Speaker: Ishier Raote, Postdoc, Malhotra LAB at the CRG, Barcelona.
Presentation
Organizers: IRB Barcelona
Date: Wednesday, April 4, 15:00h
Place: Aula Fèlix Serratosa, Parc Científic de Barcelona
Host: Ph.D students and postdocs of the C&DB programme.
Abstract
Secreted collagens compose 25% of our dry body weight and are necessary for tissue organization, skin and bone formation. But how are these bulky cargoes, that are too big to fit into a conventional COPII vesicle, exported from the ER? Our discovery of TANGO1 (Bard, Nature 2006; Saito, Cell 2009; Saito, Mol Biol Cell 2011; Santos, J Cell Biol 2016; Malhotra, Ann Rev Cell Dev Biol 2015), a ubiquitously expressed, ER-exit-site-resident, transmembrane protein, has made the pathway of collagen secretion amenable to molecular analysis.
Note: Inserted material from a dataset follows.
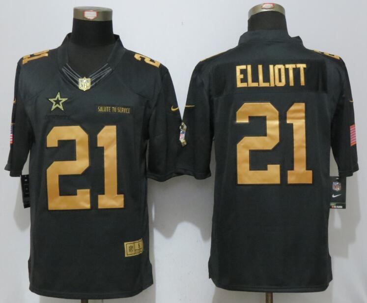 Dallas Cowboys 21 Ezekiel Elliott Gold Anthracite Salute To Service Limited Jersey
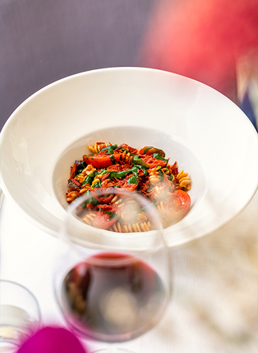 Our kitchen follows the rhythm of the seasons, using carefully selected ingredients and offering dishes that range from Mediterranean traditions to vegetarian options.

TANGO1 acts as a scaffold to connect collagens in the lumen to COPII coats on the cytoplasmic side of the ER. However, the growth of the collagen containing mega transport carrier is not simply by accretion of a larger COPII-coated patch of ER membrane, but instead by rapid addition of premade small vesicles. This mode of transport carrier formation is fundamentally different from that used to produce small COPII vesicles. We have seen that TANGO1 rings the ER exit site and thus organizes a sub compartment within the ER (Nogueira, eLife 2014; Santos, eLife 2015; Raote, J Cell Biol 2017). We have now mapped all the components that work in concert along with the cargo to assemble TANGO1 into a ring (Raote Elife, 2018). Mathematical modelling, biochemistry and super resolution microscopy-based analyses of this process will be discussed.